The angular width of the central maximum in the Fraunhofer diffraction pattern of a slit is measured. The slit is illuminated by light of wavelength $6000\dot{A}$. When the slit is illuminated by light of another wavelength$\left(\lambda \right)$, the angular width decreases by $30\%$. Calculate the wavelength $\left(\lambda \right)$ of this light in $\dot{A}$. The same decrease in the angular-width of central maximum is obtained when the original apparatus is immersed in a liquid. Find the refractive index $\mu$ of the liquid.

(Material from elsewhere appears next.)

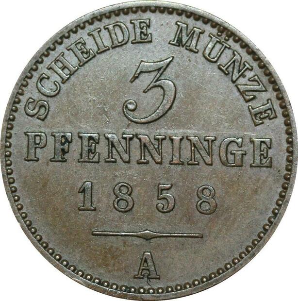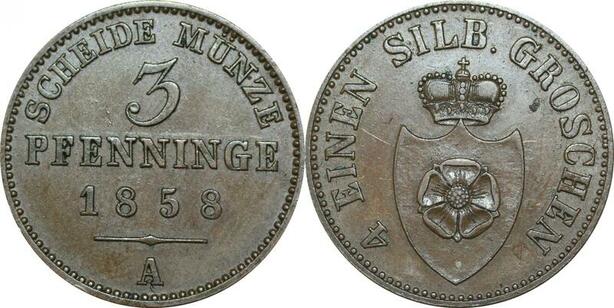 P5928 Germany Lippe Detmold 3 Pfenninge Paul Friedrich Emil Leopold III 1858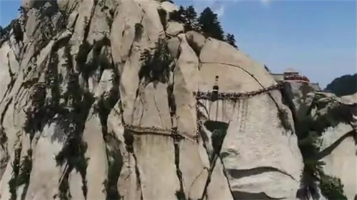 華山著名險(xiǎn)道之一“蒼龍嶺”,其位于救苦臺南、五云峰下,以其蒼黑色的外部和其似懸龍般的地勢而得名。其如履薄刃,絕壑千尺的地勢使得很多游客膽戰(zhàn)心驚,其中最著名的就是韓愈大哭投書求助的故事并引發(fā)了大量的相關(guān)典故和考證,而該處也因此留下了“韓退之投書處”的文化遺產(chǎn)。

• A. $\lambda =4000\dot{A},\mu =1.729$
• B. $\lambda =4200\dot{A},\mu =1.729$
• C. $\lambda =4200\dot{A},\mu =1.429$
• D. $\lambda =4000\dot{A},\mu =1.429$

Answer 1

The correct option is C $\lambda =4200\dot{A},\mu =1.429$


The angular width of central maxima is given by,

${\theta }_w=2\theta =\frac{2\lambda }{a}$

When the light of wavelength ${\lambda }_1=6000\dot{A}$ is used,

${\theta }_{w1}=\frac{2{\lambda }_1}{a}---\left(1\right)$

Angular width of central maxima when light of wavelength $\lambda$ is used

${\theta }_{w2}=\frac{2\lambda }{a}---\left(2\right)$

Dividing, $\frac{\left(2\right)}{\left(1\right)}$

$\frac{{\theta }_{w2}}{{\theta }_{w1}}=\frac{\lambda }{{\lambda }_1}$

Given that,
$\Rightarrow {\theta }_{w2}=0.7{\theta }_{w1}$

$\Rightarrow 0.7=\frac{\lambda }{6000\dot{A}}$

$\Rightarrow \lambda =0.7\times 6000\dot{A}$

$\Rightarrow \lambda =4200\dot{A}$

When the apparatus is immersed in a liquid of refractive index $\mu$,

By Snell's law, ${\lambda }_m=\frac{\lambda }{\mu }$

Accordingly, angular fringe width when the apparatus is immersed in a liquid is given by

${\theta }_{wl}=\frac{2{\lambda }_m}{a}=\frac{2\lambda }{\mu a}$

$\Rightarrow {\theta }_{wl}=\frac{{\theta }_w}{\mu }$

Given that, ${\theta }_{wl}=0.7{\theta }_w$

$\Rightarrow 0.7=\frac{1}{\mu }$

$\Rightarrow \mu =1.429$

Hence, the correct option is $\left(C\right)$.

$\begin{array}{c}\text{Why this question?}\\ \text{Asked in IIT-JEE 1996.}\end{array}$